Ведьма повернулась к огню, и пламя вспыхнуло, когда подняла она руки, и одежды ее упали с нее, так что осталась она стоять голой в желтоватых отсветах, а потом она громко вскрикнула.

– Что ты видишь? – спросил я.

– Я вижу богов, поднимающихся из земли, – сказала она; голос ее изменился, словно от боли.

– А видишь ли ты царя Саула? Как он выглядит?

– Он высокого роста, – хрипло произнесла она, – выше, чем любой другой человек; его окровавленное тело пробито длинными гвоздями, а голову свою он держит под мышкой.

И почудилось мне, что и я вижу, как из толпы теней выходит огромная фигура убиенного царя, чью отрубленную голову филистимляне возили по всей стране, чтобы возвестить о сим подвиге в капищах своих идолов, а тело пригвоздили к городской стене Беф-Сана. Я представил, как царь в латах входит в эту хижину пред последней своей битвой. «Вызови мне Самуила», – приказывает он ведьме. И появляется дух Самуила, тощего старика, закутанного в плащ, и спрашивает Саула: «Зачем ты потревожил меня?» И говорит Саул: «Я очень страшусь, ибо филистимляне выступают против меня, а БОг отвернулся от меня и не отвечает мне ни устами пророков, ни в сновидениях». И пророчествует Самуил глухим голосом: «ГОсподь поступит с тобой так, как говорил он моими устами; он отнимет царство из рук твоих и отдаст его Давиду, ближнему твоему; завтра ты и сыновья твои будете со мною; и отдаст ГОсподь войско Израилево в руки филистимлян».

Я крикнул ведьме:

– Вызови Самуила.

Откуда-то издалека послышался голос Шуфама, сына Хуфама:

– Это удвоит цену.

И снова взметнулось пламя, и лицо ведьмы исказилось от боли, а тело ее скорчилось и задрожало; тьма по ту сторону огня как бы раздвоилась, и старческий голос проскрипел:

– Зачем потревожил ты меня, приказав меня вызвать?
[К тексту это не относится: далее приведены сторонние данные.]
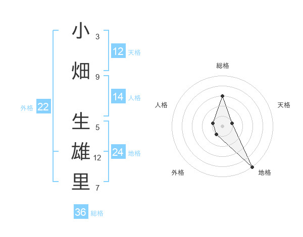 小畑 生雄里さんを姓名の画数から五運を鑑定
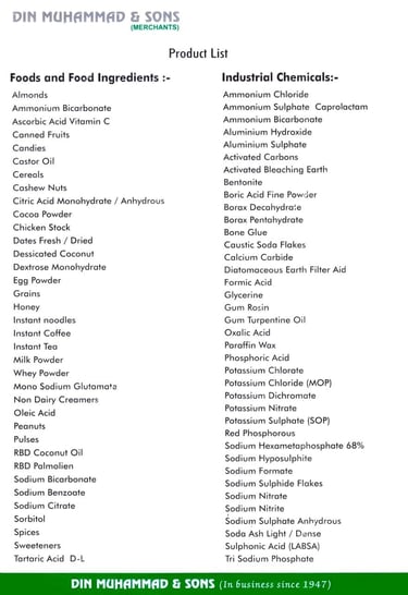 Din Muhammad & Sons (Since:1947) are well-established Commercial Importers and Exporters of Chemicals and Industrial Raw Materials in Pakistan.

– Ты – дух Самуила? – спросил я, пытаясь различить среди колеблющихся теней облик пророка.

Но что-то, видимо, получилось не так, ибо на лице ведьмы отразился ужас, она бросилась ко мне и забилась в моих руках. Я почувствовал, что в комнате присутствует еще кто-то, и понял, что это Давид, сын Иессея, восставший из мертвых. Дух Давида сказал духу Самуила:

– Наконец я нашел тебя, друг мой и отец. Почему ты избегаешь меня? Я искал тебя в семи безднах Шеола, побывал в семижды семи преисподнях, и везде мне говорили, что ты только что ушел.

Самуил поднес свои руки к глазам, словно хотел защититься от видения, вызывавшего в нем ужас, и проговорил:

– О, сын Иессея, посмотри на царя Саула: тело его пробито длинными гвоздями, голову свою он держит под мышкой.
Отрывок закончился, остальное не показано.